This is an image of James McAvoy in the movie "Split." He is looking directly into the camera. It looks as if he is looking out from behind cracked glass.

Dissociative Identity Disorder is not a B-Movie Monster

Split is M. Night Shyamalan’s latest film. Over the course of its story, teenage girls are brutally attacked, watch their friends die, and get both their entrails and strategically sexy parts of their clothing ripped to pieces by a monster. The characters are one-dimensional and unrealistic, nothing more than plot devices. It’s basically your generic B-movie, except for one very crucial difference: The monster isn’t the result of a science experiment gone horribly wrong or a supernatural demon. The “monster” is a person with DID, or Dissociative Identity Disorder.

Honestly, saying ‘person’ is a bit of a stretch as Shyamalan never treats Kevin, our monster, with any shred of humanity. In Shyamalan’s vision of mental illness, Kevin doesn’t get to be a person. Every other character, no matter how flat, has a life outside of the horror narrative. Kevin’s entire existence, in contrast, is that of brutal violence and little else. Shyamalan robs him of any real agency long before he transforms Kevin into “the Beast,” a depraved supernatural being – a literal monster.

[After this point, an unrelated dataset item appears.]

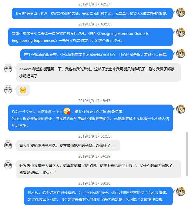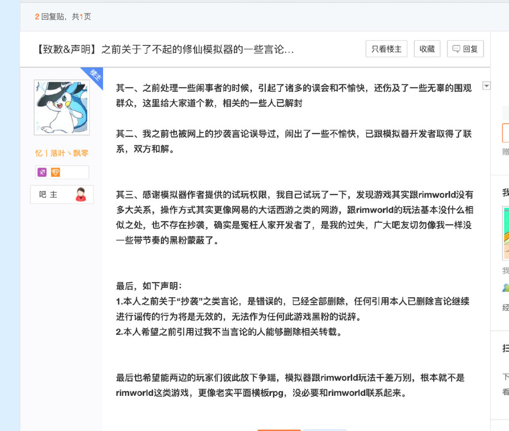 实际上当时没有开始内测,所以也没有所谓的内测人员,该玩家并未提到代码抄袭的问题。毫无疑问他对于代码相同的描述是没有任何依据和理由的,完全是个人揣测。为此在众吧友的要求下他在了不起的修仙模拟器贴吧发表了道歉声明:
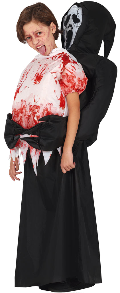Erleben Sie düstere Magie mit diesem spektakulären Geisterkostüm. Der blutbefleckte Look und die bedrohliche Maske entfesseln eine schaurige Atmosphäre, perfekt für Halloween. In der Dunkelheit der Nacht verwandeln sich kleine Abenteurer in Schattenwesen, die flüsternd durch die Straßen ziehen. Der dramatische Umhang fällt geheimnisvoll und verleiht einen unheimlichen Reiz. Lassen Sie die Kleinen in die Rolle gespenstischer Geschöpfe schlüpfen und die fantastische Welt der Alpträume durchstreifen. Ein wahres Highlight für jede Gruselparty, das die Mitternchtsphantasien lebendig werden lässt.

This dichotomy is the heart of Split: in one corner, we have the normal human people such as the bubbly suburban girls and the self-interested therapist. In the other corner, we have monsters with DID. Within the Horde system (yes, that’s really what Kevin calls himself), headmates with visible symptoms of OCD and PTSD are also portrayed as sadistic and volatile. No one with a mental illness in this movie is shown as nice or normal.

Real people with DID battle a cloud of ignorance and fear. We are treated as dishonest, juvenile, and unstable threats. If someone finds out you’re plural, the responses range from dismissive to outright hostile. Living with DID means constantly monitoring your actions to keep yourself safe.

As I write this, every survival instinct urges me to delete this entire piece. I can count the number of singlets (people without DID) who know I’m plural on one hand. The only way I can publish this is with the promise of anonymity. I am terrified of what would happen if my employer knew, despite the fact that having DID has zero effect on how well I do my job. I am terrified of a mental health professional finding out, as an official diagnosis of DID risks surrendering any control over my life. That is, if the therapist even believes my system exists at all. I am a child, a liar, or a monster. I am never a human being.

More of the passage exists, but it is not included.